A manifestation of disgust for the modern world. The anger and dissonance is palpable in this album. The best example of this is in the most gothic of the songs “Some Days I Drink My Coffee By The Grave of William Blake.” A mouthful of a title should clue you into the graveyard sounds and haunting vocals of Johnson. Destitute and lonesome, there is also a chilling message sneaking through the drums and it is one of the stronger songs lyrically.
Some of these songs accidentally give way to one of two difficulties. Either they sound cliché and unnatural, or overtly abstract. Both of these issues result in the song losing its lyrical cornerstone. “Kissing the Ring of POTUS” can make up for it with the stellar atmospheric sound that rushes the ear, but “Cognitive Dissonant” goes a little too far in its 1984-esque descriptors and loses itself despite the drone of ornately dark sound.

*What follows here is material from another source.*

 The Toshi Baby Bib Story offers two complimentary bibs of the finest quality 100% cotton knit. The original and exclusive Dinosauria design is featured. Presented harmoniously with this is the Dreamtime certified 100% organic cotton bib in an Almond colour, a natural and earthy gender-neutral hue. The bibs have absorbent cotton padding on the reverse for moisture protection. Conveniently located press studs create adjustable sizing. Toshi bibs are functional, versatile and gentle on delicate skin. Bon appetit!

It is hard to make a song not sound contrived with the bridge and chorus telling you, “Left is Right, Black is White/Inside out, Hope is doubt.” Some pretty basic end-of-the-world speak if that even exists…
Thematically Ensoulment starts low and hopeless, and soars for a moment with the tracks “I Want to Wake Up With You,” “Down By the Frozen River,” and “Risin’ Above the Need,” before dropping back to the muddy underground afterward. These three songs have an escapist mood to them. This is as Johnson turns the gothic wasteland into an obstacle of the mind, and here he must set them aside to see the possibilities of the world. The chances of love, living happily outside of the system, and finding bliss in the bloodstorm, are what these three songs emanate. They pack a punch and when the album is listened to in its entirety, it is these three that wrap the work together. They are the window to the greater world, the reality checks that save the depressive episode from having no purpose.

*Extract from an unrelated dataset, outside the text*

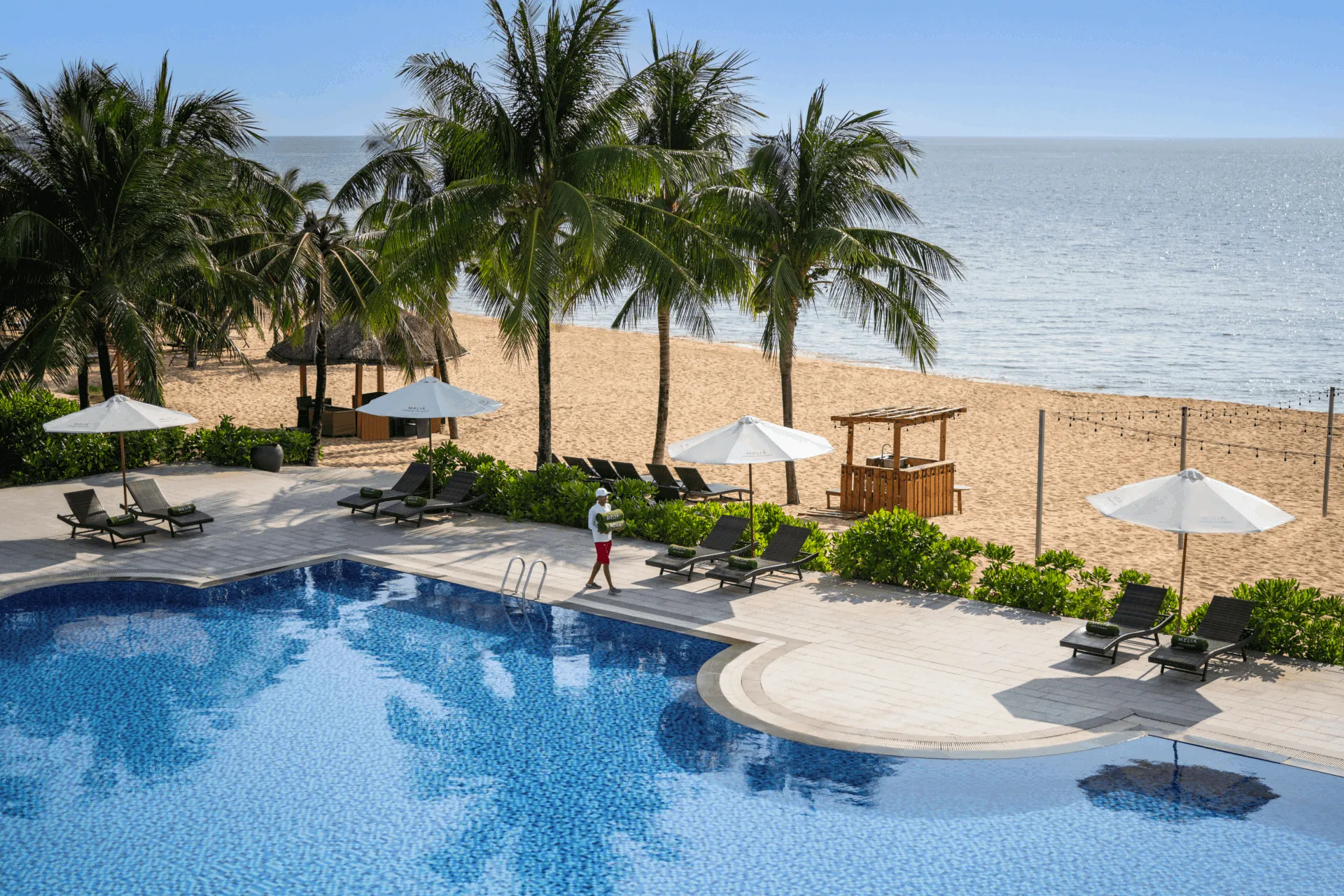 Si prefieres quietud y naturaleza (Retiros de lujo): Opta por resorts frente al mar en Dai Beach o Khem Beach. Aquí encontrarás el ambiente ideal para unas vacaciones en Vietnam románticas y tranquilas, lejos del ruido, con la naturaleza al alcance de la mano. Estos suelen ser resorts de lujo con servicios completos en el lugar, la opción perfecta para un viaje organizado a Vietnam.

Furthermore, these cuts lead to arguably the best song on the album, “Linoleum Smooth to the Stockinged Foot.” This electronic pulsating sound is reminiscent of the time when the shoegaze subset of Britpop was making its appearance on the scene. The images built by the lyrics are incomplete and hazy, while the sound of each word is more important than its meaning. The poetry of Johnson moves across the mind as the guitar slowly builds into something greater than simply music. This is an exhibition of sounds meant to be felt, not heard. It is eerie, conflagrant, jazzy, and born from the murk of reality.
In the end, The The’s Ensoulment is a gothic soundscape that visits simple themes with common ideologies. An album leaking with emotional guitar, and chilling piano, while spewing endearingly melancholy themes, CrypticRock gives Ensoulment 4.5 out of 5 stars.